HONG KONG, April 13 (Reuters) - Asian asset prices were mixed on Thursday after the U.S. Nasdaq recorded its second worst points fall in the space of a few days, shaking confidence in telecom, media and technology (TMT) shares, but bonds firmed.
Stocks ended weaker in Hong Kong, Taiwan, Malaysia and the Philippines, while a switch out of TMT and into old fashioned financials in Singapore saw the Straits Times Index gain.Markets in South Korea and Thailand were closed for the day.
Benchmark bond spreads eased back in by around five to 10 basis points after a volatile overnight session in the U.S. left Asian credits with a positive tone and investors took the opportunity to buy good quality paper cheaply.
TMT fallout sent Hong Kong's Hang Seng to its lowest level in eight weeks before regaining some ground by the close, but the territory's "new economy" story appeared to pass the test of faith in two key areas.
Hong Kong's biggest firm, China Telecom reported earnings at the top end of analysts' expectations, giving the mobile phone firm the strength to swallow a massive write-off on out-dated analogue equipment in one go.
ChinaTel reported 1999 net earnings of 4.8 billion yuan ($580,000) after writing off 8.4 billion yuan on old equipment.
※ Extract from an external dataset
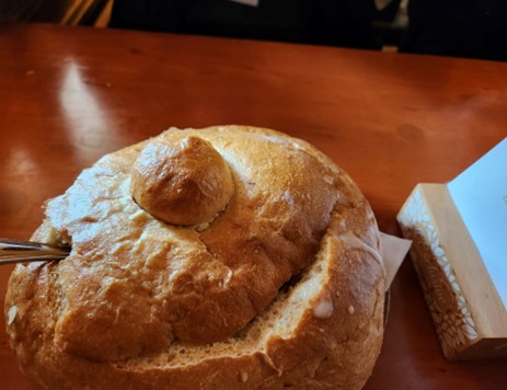 欧洲人喜食土豆和蘑菇, 我和先生点的这个面包做的瓦罐里放的是蘑菇汤, 味道鲜美醇厚, 非常有地方特色。

The firm had made 6.9 billion yuan in 1998.
It also revealed a subscriber base that swelled to 15.6 million from 6.5 million a year ago and revealed it was still expanding.
"The subscriber growth in the first quarter was phenomenal," Goldman Sachs telecom analyst Tim Storey, told Reuters.
"Their profit was better than my expectation before the writeoff," he added.
ChinaTel stock ended up 0.8 percent at HK$63.00.
The second test was taken by Pacific Century Cyberworks (PCCW) which unveiled a $3 billion joint venture with Australia's Telstra on Wednesday.
PCCW traded for the first time since the announcement on Thursday and the stock ended the day up 7.1 percent at HK$16.50.
Telstra ended down A$0.23 at A$7.41.
One day after hitting a 28-month low, China's yuan pushed back to end higher on Thursday, the market returning to normal trade within its tight, government-imposed band.
The yuan closed at 8.2791 to the U.S. dollar, sharply up from 8.2830 on Wednesday, sandwiched in a five-notch range of 8.2791 to 8.2796.
Wednesday's slide was seen by dealers as a test of market reaction to a proposed widening of the trading band by Beijing.
Much to the market's surprise, the central People's Bank of China did not intervene to support the yuan on Wednesday, allowing it to close below the key 8.2800 level.
"Given that we are seeing a very strong trade surplus continuing there are a lot of people saying that if the (yuan) were to float or at least trade in a (wider) band it would probably result in a stronger (currency)," Craig Chan, strategist at ING Barings in Hong Kong, told Reuters Television.
"But the PBOC view is that they'd like to take on a weaker exchange rate if they ever did decide to move to offset deflationary effects and boost the trade balance as well," Chan said. Chan said a stronger yuan would not necessarily harm economies in the greater China region as they build a recovery from 1997's economic crisis.
"If the market continues to price in this recovery story, if the PBOC officials decide to move on the exchange rate, the impact shouldn't be very negative, besides we are seeing regional currencies strengthen quite significantly," he said.
A recovery in Philippine sovereign debt prices set the stage for the government to issue up to $700 million in euro-denominated bonds to complete its $1.5 billion bond financing programme.
Finance under-secretary Joel Banares, in London on Wednesday wrapping up a three-day roadshow, said the seven- and 10-year euro bond would be the country's only international bond offering in euros this year.
Banares said the Philippines was also looking at raising a maximum $300 million in the Samurai bond market if it decides to tap Japanese money.